Monday, September 12, 2016

Hillary Clinton and the Big (Neoliberal) Lie

a katz | Shutterstock.com

This election season has brought to the surface an issue that, until recently, seemed to have become a neoliberal sacred cow, the holy writ of the lords of capital: free trade. And while this cornerstone of US economic hegemony has come under fire from a deeply reactionary, and to varying degrees racist and xenophobic, perspective, as expressed by Donald Trump, it has nevertheless sparked a much needed conversation about free trade and its destructive impact on both the American working class, and the Global South as well.
But free trade having become a campaign issue has also spotlighted for the umpteenth time the breathtaking hypocrisy of Hillary Clinton who I have previously referred to as the high priestess of the Church of Free Trade and Neoliberalism. For it is, in fact, Hillary Clinton who has for more than two decades been one of the loudest and most resolute voices championing neoliberalism and free trade. And still, despite her record, Clinton today presents herself as a friend of the working class. The same working class that has been all but eviscerated by the policies she herself has supported.
This is, of course, not to say that Trump is somehow the great defender of workers and the poor – his long track record as a predatory, racist real estate developer illustrates his complete lack of concern for oppressed communities and workers. Still, like a sadistic dentist, Trump has deliberately struck a nerve in the body politic of the US. For Trump has managed to eschew the typical right wing cultural wedge issues of gay marriage, abortion, and the like in favor of the core economic concerns of the working class.
Whatever one’s opinion of Trump, one can say with certainty that his reintroduction of the free trade into the national conversation has forced Hillary Clinton onto the back foot.
Hillary Clinton, NAFTA, and the Attack on American Workers
“I think that everybody is in favor of free and fair trade, and I think that NAFTA is proving its worth.” Or so Hillary Clinton said in 1996, more than two years after the North American Free Trade Agreement was enacted under her husband’s administration. At the time one could still labor under the illusion – or perhaps it was delusion? – that NAFTA was going to benefit workers in the US, Canada, and Mexico by allowing for the free flow of goods (and capital) leading to decreased prices for many consumer goods. Indeed, that was precisely the mythology that was peddled at the time.
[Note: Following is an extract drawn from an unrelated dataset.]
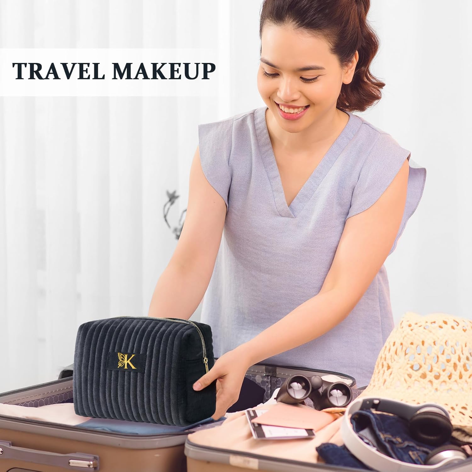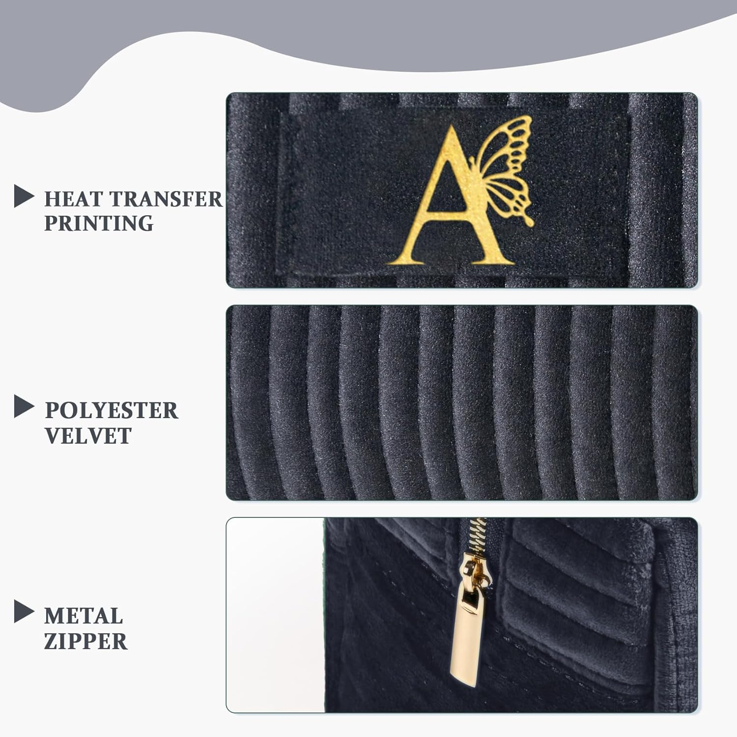 - [Initial Letter Not Fade or Peel Off] The butterfly letter A-Z made by heat transfer printing, works well on the polyester velvet makeup bag; no worries in daily organizer of travel size cosmetic kits skincare toiletries beauty tools accessories.

While it’s true that many experts and workers alike, especially those on the Left, were deeply suspicious about the inflated claims of the glorious benefits of the NAFTA utopia of the future, the concept was made into policy, and the policy translated into a grim reality for US workers. As the Economic Policy Institute noted in 2013:
By establishing the principle that U.S. corporations could relocate production elsewhere and sell back into the United States, NAFTA undercut the bargaining power of American workers, which had driven the expansion of the middle class since the end of World War II. The result has been 20 years of stagnant wages and the upward redistribution of income, wealth and political power.
Without question, NAFTA was a direct assault on the US working class. Its repercussions are still being felt today. As the Economic Policy Institute further explained, NAFTA had four major negative impacts:
1. The loss of at least 700,000 jobs due to production moving to Mexico. Some of the heaviest losses were felt in California, Texas, Michigan and other manufacturing-dependent states, particularly those in the Rust Belt.
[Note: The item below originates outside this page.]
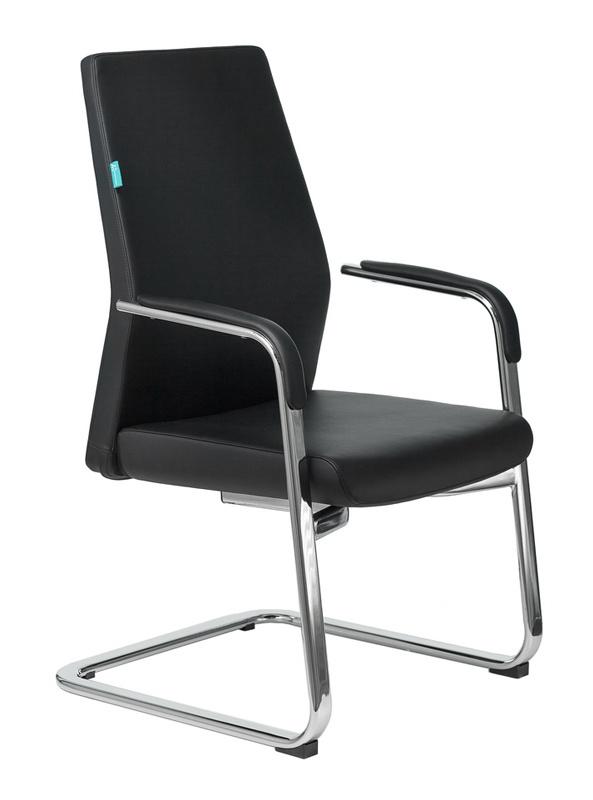 Кресло Бюрократ _JONS-LOW-V черный кожа низк.спин. полозья металл хром

2. Allowed employers to drive down wages, slash benefits, and undermine and destroy unions. Because capital could always threaten to simply close up shop and move to Mexico, workers had little recourse but to accept the assault on their standards of living.
3. It devastated the Mexican agricultural and small business sectors which led to the dislocation of millions of Mexican workers and small farmers, many of whom were forced to migrate to the US in search of work, thereby creating the immigration “problem” that Trump and his reactionary base have seized upon.
4. It was the model free trade agreement, the blueprint upon which others were based. It laid the foundation for the neoliberal trade model wherein capital reaps the benefits while labor shoulders the costs.